Ivenamechanged13 · 18/09/2020 14:10

Thank you for the replies. We have budgeted everything and cut down on everything we can. That was how I was able to work out what hours I need to do to at least cover our outgoings.

Dp taking on a temporary job not in is field is a hard one. He has been in the niche field for over 30 years since the day he finished school. Hes worked his way up from the very bottom to director/board level. He has been applying for more junior roles in his area but they all knock him back for being too experienced. He has zero experiance of doing anything else. He is upset at the prospect of spending all those years working hard to climb the ladder to then have to take a more manual job along with a 75%+ pay cut.
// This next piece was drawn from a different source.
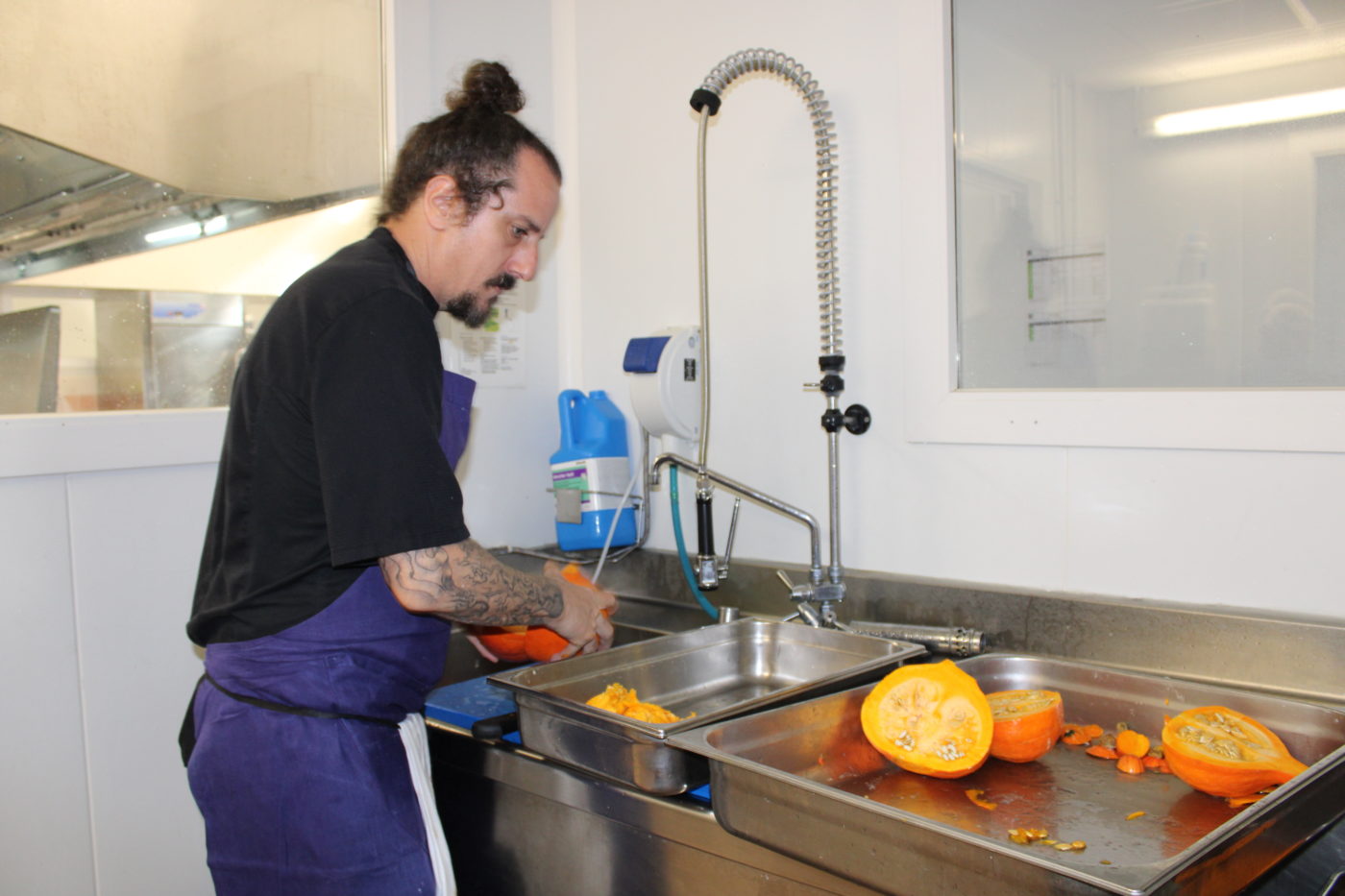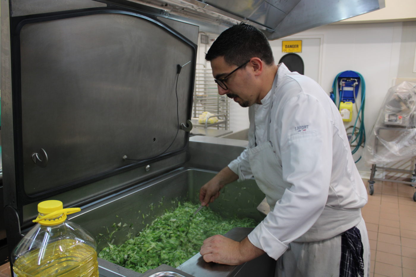 Jeudi 16 octobre, changement d’échelle : trois chefs luziens se sont retrouvés devant les pianos de la cuisine centrale municipale pour relever un défi d’envergure, préparer un repas complet pour les 600 élèves des écoles primaires publiques de la ville.

I know that if we are desperate then he unfortunately will just need to swallow his pride and except it. That just makes me sad Sad

Part of me thinks if I can just get through a few months doing silly hours then he hopefully wont have to be in that position.

OP posts:
user15369525797567 · 18/09/2020 14:15

I'm posting as someone living with serious mental illness, having made the mistake of trying to push myself to work more hours than I was told was "safe" because I just wanted to make myself "normal" and told myself the only reason I couldn't work more was lack of effort/determination. I was wrong.

Wanting to do something and being determined you're going to make yourself do it doesn't actually change the reasons you can't do it. Somebody without health issues being able to work 50 or 60 hours doesn't mean somebody with health issues can!

He needs to swallow his ego and take a temp role. It's not throwing anything away. If he's worried about being judged, who is going to judge someone for taking work to pay the bills? He would be judged for allowing a disabled partner to trash their health to buffer his pride though.

Don't wreck your health to shield his ego. Do you think you considering throwing your health away like this is you taking care of your health appropriately?

ALLIS0N · 18/09/2020 14:16

Ah, so he doesn’t want to do a job below his status. He would rather you worked 60 hours a week doing two jobs.

That’s reasonable Hmm.

user15369525797567 · 18/09/2020 14:16

Why is not upset at the prospect of you throwing your health in the dustbin for his ego?

Ivenamechanged13 · 18/09/2020 14:17

We are not in the uk and are claiming the tiny bit of benefits we can. We will obviously lose that when I start doing a "main" job. Even working ft in the new job wont come close to covering the expenses. That's the problem.

He is amazing at home. Already does a huge share of housework, cooking etc. He always has even when working. That's one thing not a worry.

OP posts:
Ivenamechanged13 · 18/09/2020 14:22

He doesnt want me doing those hours. He thinks I will seriously struggle with it. I think hes of the opinion that it will just all come good before we are 100% completely on our arse. I dont think it will and am seriously worried. When it does get to that point then that's when I think he will take any job he can. Until them he is understandably holding off.

OP posts:
NoSquirrels · 18/09/2020 14:23

Please don't trash your mental health (and possibly your physical health too) and your DD's chance of spending any time with her mother for the sake of your DP's pride.

No one likes having to take a pay cut or a side step or a job that's not a 'career' job. But needs must.

Clymene · 18/09/2020 14:26

Your mental and physical health is more important than his bruised ego.